EGU honors Harry Vereecken

(Photo: EGU)(Photo: EGU)Professor Harry Vereecken, director at the Institute of Agrosphere at Forschungszentrum Jülich, received the Alfred Wegener Medal, one of the highest honors awarded by the European Geosciences Union (EGU). At the same time, the organisation appointed him an honorary member. With the medal, the EGU recognizes Vereecken’s groundbreaking contributions to soil-plant-atmosphere processes with a focus on hydrological and biochemical cycles.

 

According to the EGU, Vereecken has played a key role in integrating and connecting the individual sub-processes and sub-disciplines. He recognized early on the need for exploring subsurface flow processes by geophysical methods.

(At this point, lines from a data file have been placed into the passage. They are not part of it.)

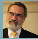
JONATHAN SACKS LONDON

One reason religion has survived in the modern world despite four centuries of secularisation is that it answers the three questions every reflective human being will ask at some time in his or her life: Who am I? Why am I here? How then shall I live?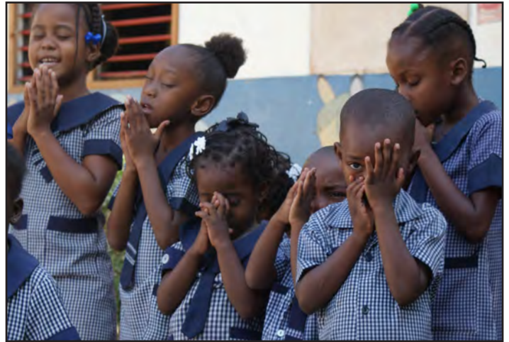
Children from Faith Mennonite Church, Spanish Town, Jamaica, participate in morning prayers to begin their day at the Church Preschool.

Luke 4:18–21. Many theologians identify the book of Luke as the Gospel that spells out the “preferential option for the poor.” The message is directed towards vulnerable groups, establishing their dignity, freeing them, including them in God’s ministry to the world. (See the first three chapters of Luke. There, the shepherds, Joseph, Mary as a pregnant unmarried woman, and two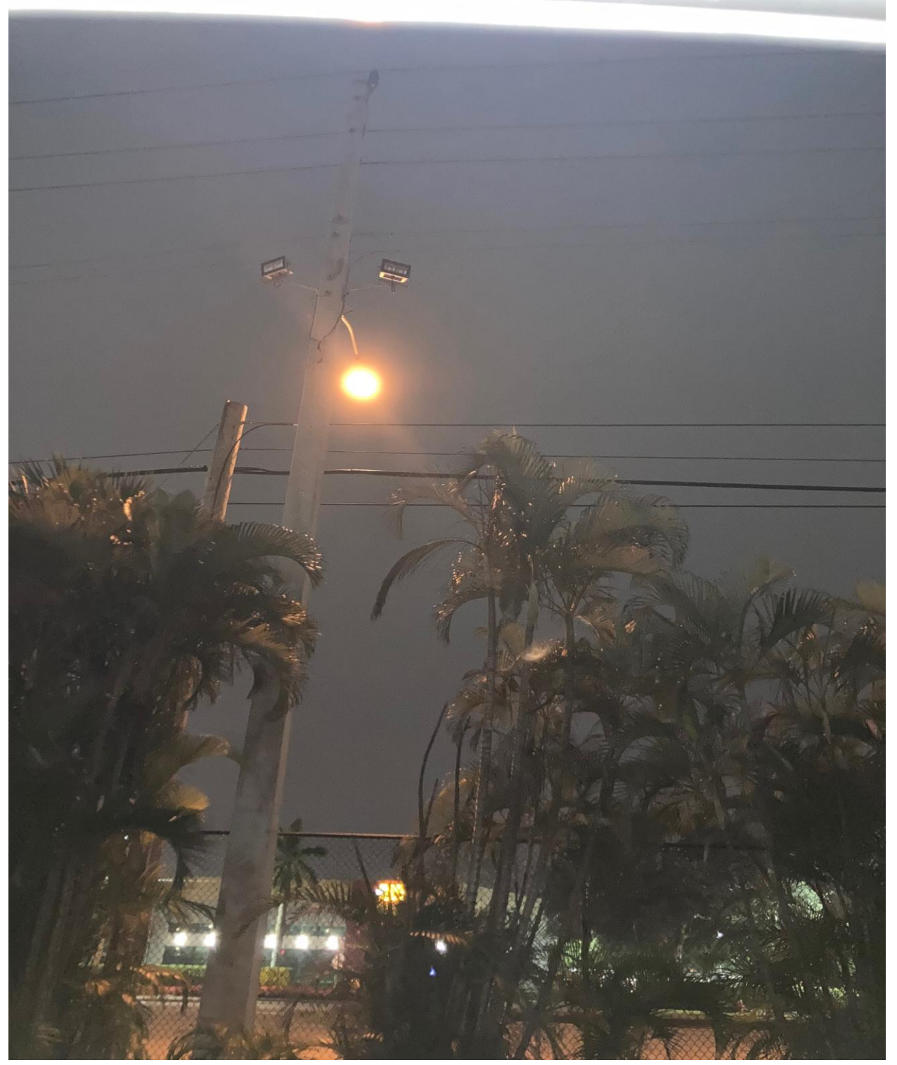
FAIRWAY STREET- DARK SPOT LIGHTS ALONG OKEECHOBEE BOULEVARD. REPORTED TO FPL, W.O. #41955.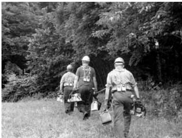
Figure 3 Cutter going to the felling site with driving device on its back Slika 3. Odlazak sječača u sječinu s pogonskim uređajem na leđima

The research was carried out in the mountainous part of Croatia (Litorić, Gorski Kotar) as shown in Figure 2 at an altitude of 750 m. The compartment is of an area of 22.77 ha with 70 % coverage. This stand is made of fir and beech with a total growing stock of 306 m 3 /ha of which fir accounts for 48.4 %, beech for 39.1 % and other hard-wood broadleaved species for 12.5 %. In the compartment 465 trees were marked for felling with a mean volume of 1.71 m 3 , and the mean volume of fir was 1.81 m 3 .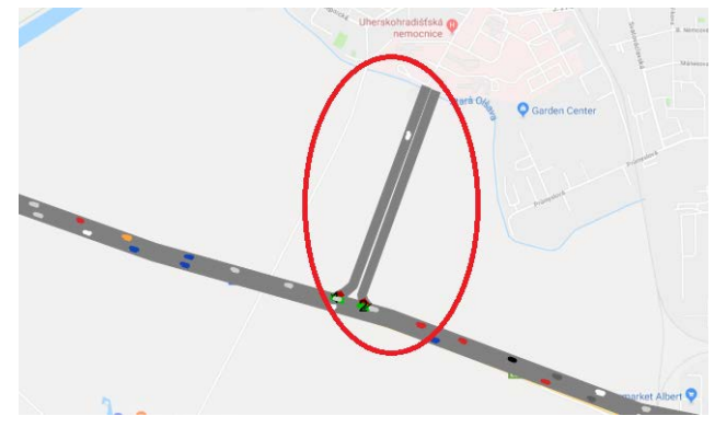
Fig. 5. New road to the hospital [author].

Because of the required capacity, a crossroads, a three-armed T-junction, were used. [17]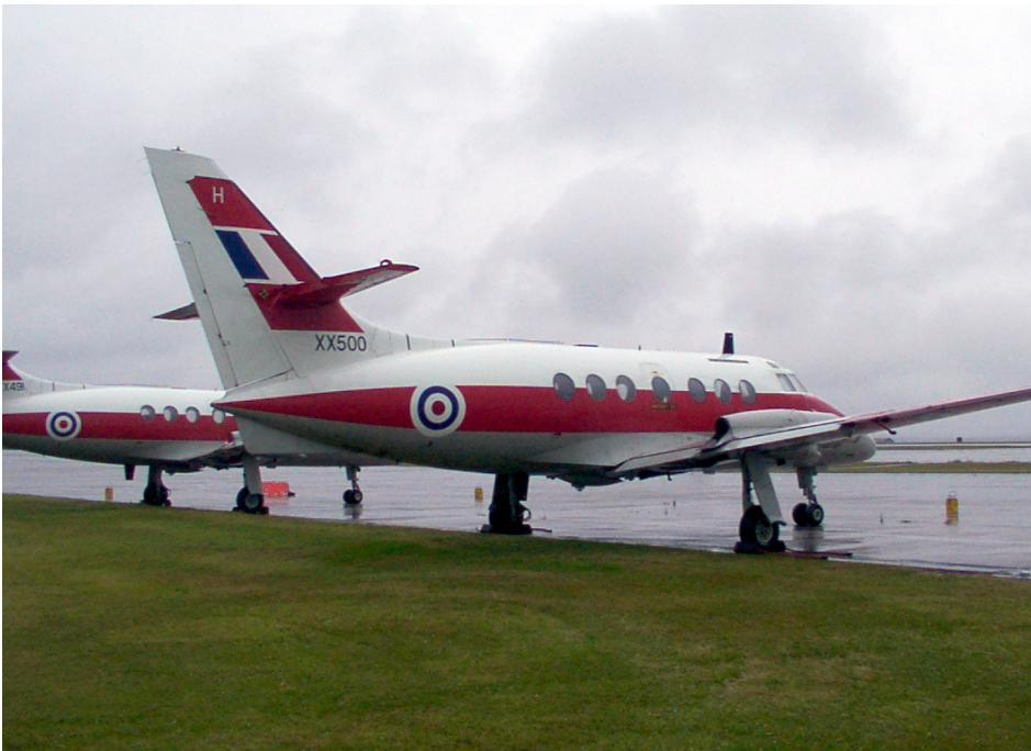
Scottish Aviation Jetstream T.1 (I used to fly the civil version of these - noisy things)

Packed to the rafters with a great display of aircraft, there is also a collection of iconic cars and tanks and Cosford is also home to the world's oldest Spitfire.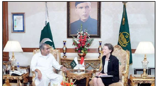
LAHORE: Canadian High Commissioner Ms. Leslie Scanlon meeting with Caretaker Chief Minister Punjab Mohsin Naqvi

during the campaign, more than 13 million saplings will be planted across the province. The chief minister was also informed that under the 10 billion tree project, the total area of forests in the province has been increased by 6.3 per cent. Speaking on the occasion, the chief minister lauded the efforts of Khyber Pakhtunkhwa forest and wildlife department in promoting tree plantation and their preservation adding that it is gratifying that the Forest Department is taking result-oriented steps under a comprehensive strategy to this effect.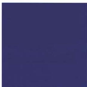
0114 COBALT BLUE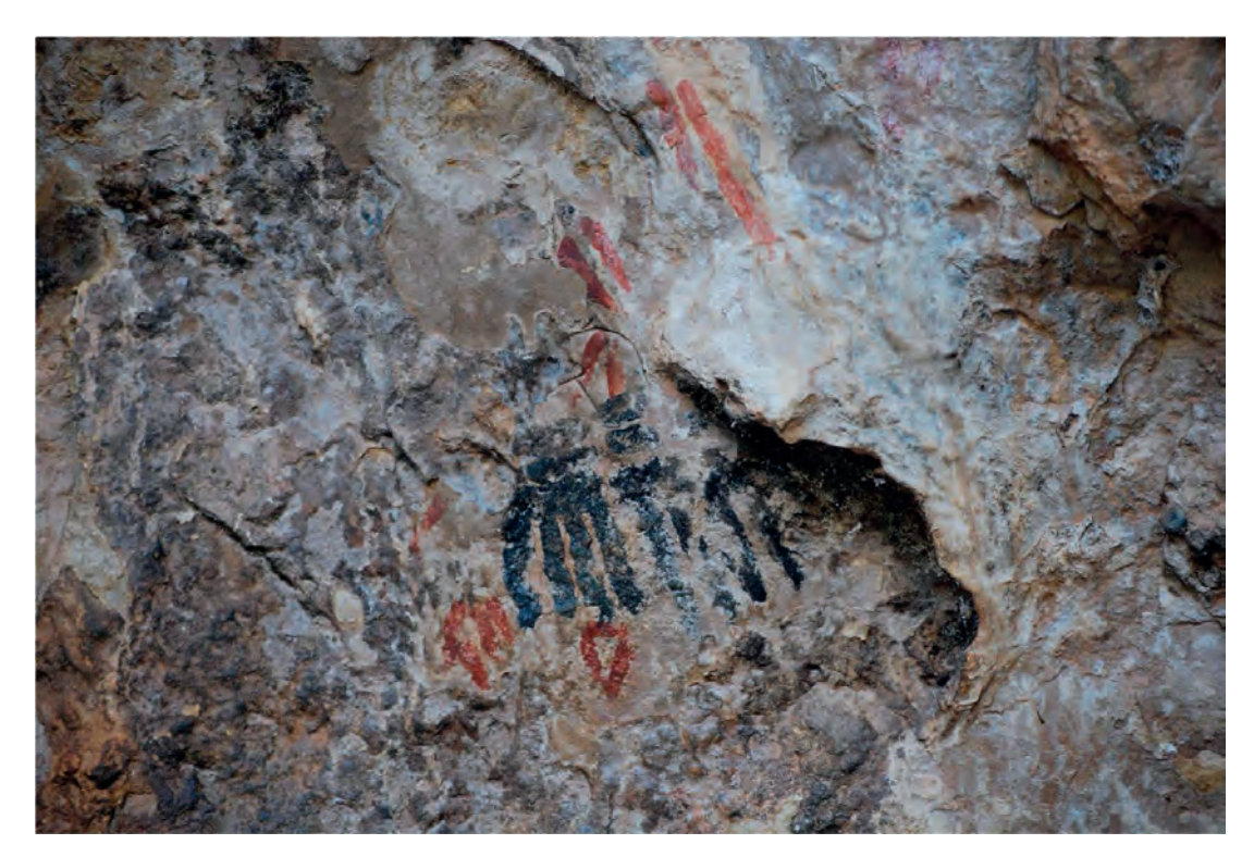
Figure 6. Schematic art. Barranc de Carbonera (Beniatjar, Valencia).

In fact, through their association with other motifs, some of these motifs date from later, which would also corroborate the portable record from the late Neolithic and Eneolithic.

With his studies, he expanded knowledge of transport processes in heterogeneous soils, both hydrologically and in the transport of contaminants. Using soil moisture, pore pressure, and other variables, he developed modeling approaches for improved knowledge of soil properties. This includes the development of upscaling techniques to link local field measurements with environmental models and satellite observations. In 2016, he and some colleagues founded the International Soil Modeling Consortium (ISMC) with the goal of improving soil process modeling, pooling expertise, and increasing exchange with other Earth system sciences.

 

Harry Vereecken has also been instrumental in strengthening the observational data base – for example, through the TERENO initative, of which he is one of the founding fathers. TERENO, the EGU says, has become a blueprint for large-scale European and global infrastructures for research on ecology, critical zones and global climate. For example, it paved the way for eLTER RI (European Long-Term Ecosystem, critical zone and socio-ecological Research Infrastructure), a European infrastructure for long-term ecosystem research, whose concept Harry Vereecken helped design.